Material and Methods

Participants

26 French speakers with normal or corrected-to-normal vision participated in the experiment (10 men; mean age: 24.8, SD = 4.7 years). All subjects gave their informed consent to participate in the study, approved by the local ethics committee, and were paid for their participation. Only participants completing the task with an accuracy > 75% were retained. Of the 25 subjects that reached this criterion, three were excluded from the analysis due to over-noisy EEG recordings, thus leaving 22 participants for the analysis.

Material

The stimuli were 112 monosyllabic pseudowords starting with consonant clusters (CCV),Footnote 2 beginning with stop consonants (/p/, /t/, /k/), and the corresponding CCCV resulting from the addition of a fricative (/s/) onset- all the other phonemes being the same- (example: /pre/, /trɛ̃/, /kRa/, matched with /spre /strɛ̃/ /skRa/).

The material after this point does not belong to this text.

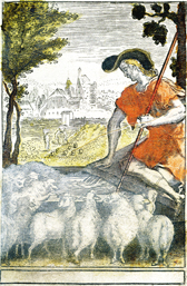 Description: Jacob tends his share of the flock that his father-in-law, Laban, allowed him, which Jacob manages to increase through treachery. This engraving illustrates the violation of the ninth commandment: “You shall not covet your neighbor's house”.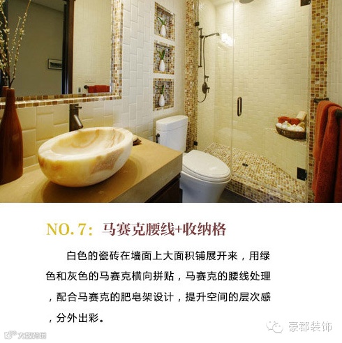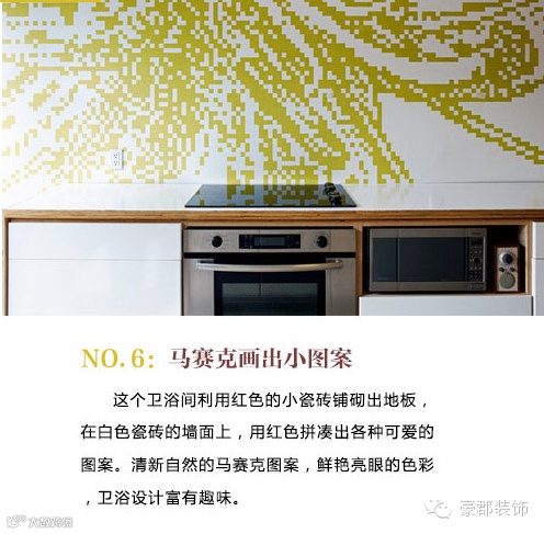 马赛克是一种很古老的装饰艺术。制作马赛克的材料包括大理石、小鹅卵石、玻璃砖、陶片、瓷片和珐琅等等。马赛克由于体积较小,可以作一些拼图,产生渐变效果。马赛克该镶嵌在什么地方?如何组合更有个性?这些设计如何应用到住宅的设计中去。

The initial consonants were chosen because of their dissimilarity on the AAI: vocal and articulatory onsets are very close for fricatives whereas they are not for stimuli starting with stop consonants, which makes their precise start onset unclear (Ouyang et al. 2016). The stops and fricatives used in this study are similar for some articulatory features (voicelessness, oral and central consonants, airstream mechanism) but they differ on the manner and place of articulation (/p/ = bilabial, /t/ = dental/alveolar, /k/ = velar, /s/ = alveolar). The choice of the initial consonants was also compelled by the fact that we aimed to use French syllables existing in initial position, from which we could build CCCV -which was only possible with the /s/-beginning fricatives-.

Procedure

Participants sat in front of a computer screen (approximately 70 cm) in a sound-proof dimly lit room. The experimental software E-prime (version 2.0, Schneider et al. 2002) was used for stimuli presentation and data collection. First, the participants were familiarized with all the pseudowords presented in a random order: they had to repeat them overtly after each presentation (presentation was both auditory and visual). Then, participants underwent a training phase on the delayed production task (five warm-up filler trials, repeated if necessary) accompanied by the experimenter who explained the task. Finally, the experimental phase started. The task was divided in three blocks to allow participants two brief breaks in between.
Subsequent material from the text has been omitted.